##### ENTRIES PROVIDED

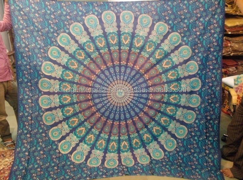 Handmade Bohemian Style Cotton Bedspread Blue White Floral Mandala Tapestry Design Hippie Wall Hanging for Home Use Beach Towel
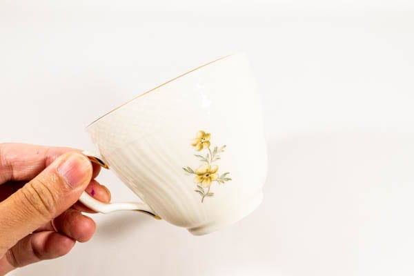 金縁の美しいフォルムとクラシカルな絵柄は上品な雰囲気が漂い、手元に置いておきたくなる素敵なカップだと思います。
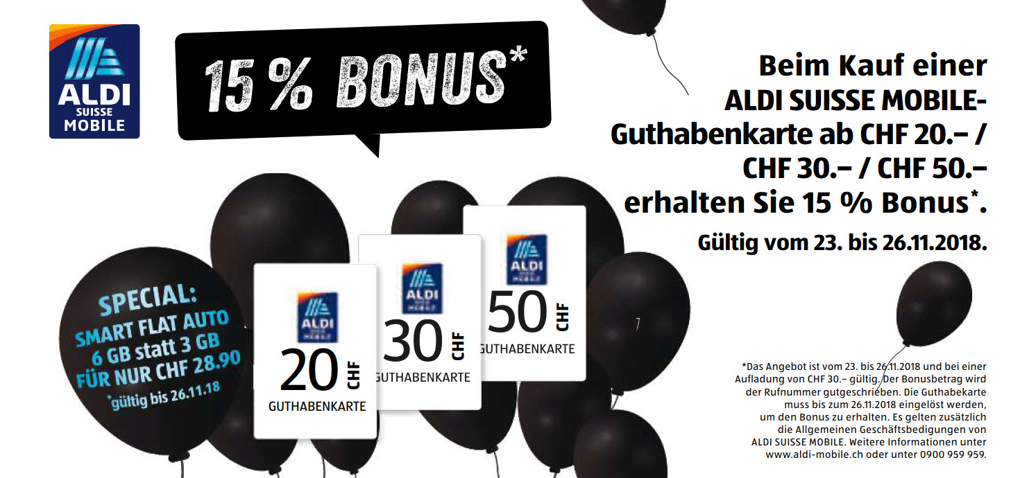 Vom 23. bis 26.11.2018 gibt es in den Filialen beim Kauf einer Aldi Suisse Mobile-Guthabenkarte einen Bonus von 15%.
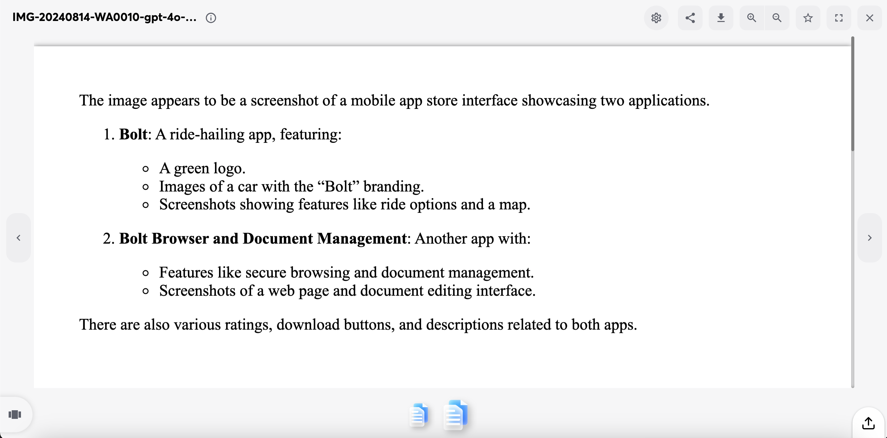 AI-generated responses appear instantly in the chat window. If a file is attached, the AI processes the file and returns insights based on the document type (text extraction, summarization, etc.).
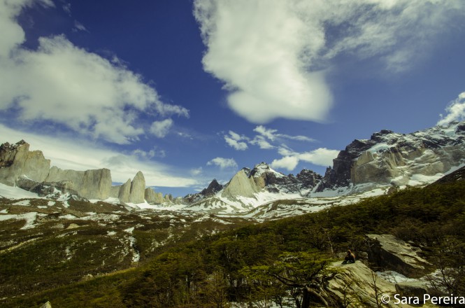O terceiro dia amanheceu tranquilo, apesar de todo o vento que escutei a noite, dessa vez não tinha barracas destruídas ou pertences espalhados pelo camping, como no PG, as árvores do Italiano protegem bem o acampamento. Depois do café da manhã, começamos a trilha, encontrei dois brasileiros que estavam fazendo o W no sentido contrário ao meu. Depois de quase três horas chegamos ao primeiro mirador do Vale, e sim, vale toda a caminhada. Pra mim foi o lugar mais impressionate do trekking, uma visão 360 graus onde mais da metade era de montanhas rochosas e cada uma com um formato diferente, realmente impressionante a imensidão e a beleza.
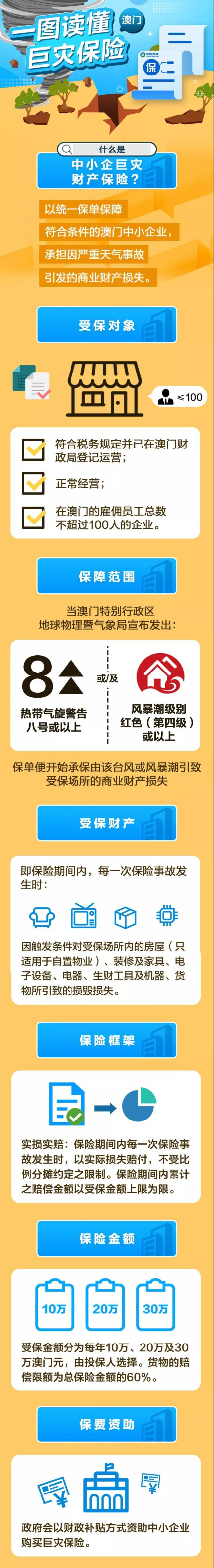 7月31日,今年首個臺風“韋帕”來襲,香港、澳門氣象部門相繼懸掛8號風球,并發(fā)布黃色風暴潮警告。在持續(xù)強降雨和大風之際,澳門金融管理局和經濟局舉行聯合新聞發(fā)布會,宣布推出“中小企巨災財產保險”,為中小企業(yè)在8號風球/紅色風暴潮或以上警告期間,所遭受的商業(yè)財產損失提供保險保障。中國太平旗下太平澳門簽出中小企巨災財產保險第一單,為當地中小企業(yè)帶來定心丸。
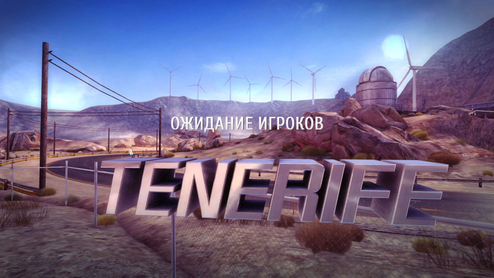 The Russian equivalent of "Waiting for other players" ("Ожидание игроков") written in Cuprum Bold, alongside the track name in (Latin) Monkirta Pursuit. Track names are rendered as 3D objects, not as text; this is the reason why they are never translated.
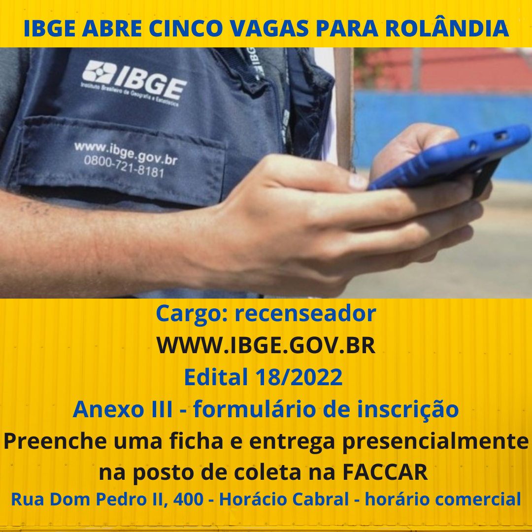 CENSO 2022IBGE ABRE CINCO VAGAS PARA ROLÂNDIA Cargo: recenseador WWW.IBGE.GOV.BREdital 18/2022 Anexo III - formulário de inscriçãoPreenche uma ficha e entrega presencialmente na posto de coleta na FACCAR Rua Dom Pedro II, 400 - Horácio Cabral ...
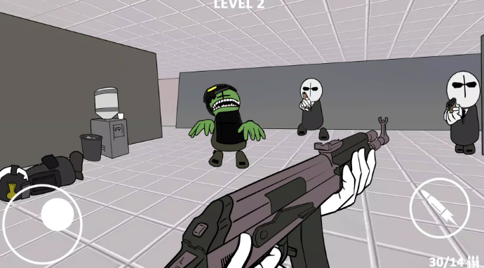 暴力迪吧射击是一款简单卡通的近距离射击游戏,玩家在游戏中将和一群人在一个房间中进行射击搏斗,玩家需要想办法和他们进行周旋,努力获得更多生存的机会,游戏画风简约卡通可爱,给玩家带来很多的有趣的视觉体验,增加玩家对游戏的坚持。优秀中有简单的搏斗也有武器强夺争取获得优势权。游戏总共五关,为玩家打造简短但十分刺激有趣的游戏体验,喜欢玩射击游戏的伙伴们可以从本站下载试试看呀。

##########

**HOW TO COMPLETE THIS TASK**
Copy out all the data exactly. The images should not appear in the copy.

**RESULT OF THIS TASK**
 Handmade Bohemian Style Cotton Bedspread Blue White Floral Mandala Tapestry Design Hippie Wall Hanging for Home Use Beach Towel
 金縁の美しいフォルムとクラシカルな絵柄は上品な雰囲気が漂い、手元に置いておきたくなる素敵なカップだと思います。
 Vom 23. bis 26.11.2018 gibt es in den Filialen beim Kauf einer Aldi Suisse Mobile-Guthabenkarte einen Bonus von 15%.
 AI-generated responses appear instantly in the chat window. If a file is attached, the AI processes the file and returns insights based on the document type (text extraction, summarization, etc.).
O terceiro dia amanheceu tranquilo, apesar de todo o vento que escutei a noite, dessa vez não tinha barracas destruídas ou pertences espalhados pelo camping, como no PG, as árvores do Italiano protegem bem o acampamento. Depois do café da manhã, começamos a trilha, encontrei dois brasileiros que estavam fazendo o W no sentido contrário ao meu. Depois de quase três horas chegamos ao primeiro mirador do Vale, e sim, vale toda a caminhada. Pra mim foi o lugar mais impressionate do trekking, uma visão 360 graus onde mais da metade era de montanhas rochosas e cada uma com um formato diferente, realmente impressionante a imensidão e a beleza.
 7月31日,今年首個臺風“韋帕”來襲,香港、澳門氣象部門相繼懸掛8號風球,并發(fā)布黃色風暴潮警告。在持續(xù)強降雨和大風之際,澳門金融管理局和經濟局舉行聯合新聞發(fā)布會,宣布推出“中小企巨災財產保險”,為中小企業(yè)在8號風球/紅色風暴潮或以上警告期間,所遭受的商業(yè)財產損失提供保險保障。中國太平旗下太平澳門簽出中小企巨災財產保險第一單,為當地中小企業(yè)帶來定心丸。
 The Russian equivalent of "Waiting for other players" ("Ожидание игроков") written in Cuprum Bold, alongside the track name in (Latin) Monkirta Pursuit. Track names are rendered as 3D objects, not as text; this is the reason why they are never translated.
 CENSO 2022IBGE ABRE CINCO VAGAS PARA ROLÂNDIA Cargo: recenseador WWW.IBGE.GOV.BREdital 18/2022 Anexo III - formulário de inscriçãoPreenche uma ficha e entrega presencialmente na posto de coleta na FACCAR Rua Dom Pedro II, 400 - Horácio Cabral ...
 暴力迪吧射击是一款简单卡通的近距离射击游戏,玩家在游戏中将和一群人在一个房间中进行射击搏斗,玩家需要想办法和他们进行周旋,努力获得更多生存的机会,游戏画风简约卡通可爱,给玩家带来很多的有趣的视觉体验,增加玩家对游戏的坚持。优秀中有简单的搏斗也有武器强夺争取获得优势权。游戏总共五关,为玩家打造简短但十分刺激有趣的游戏体验,喜欢玩射击游戏的伙伴们可以从本站下载试试看呀。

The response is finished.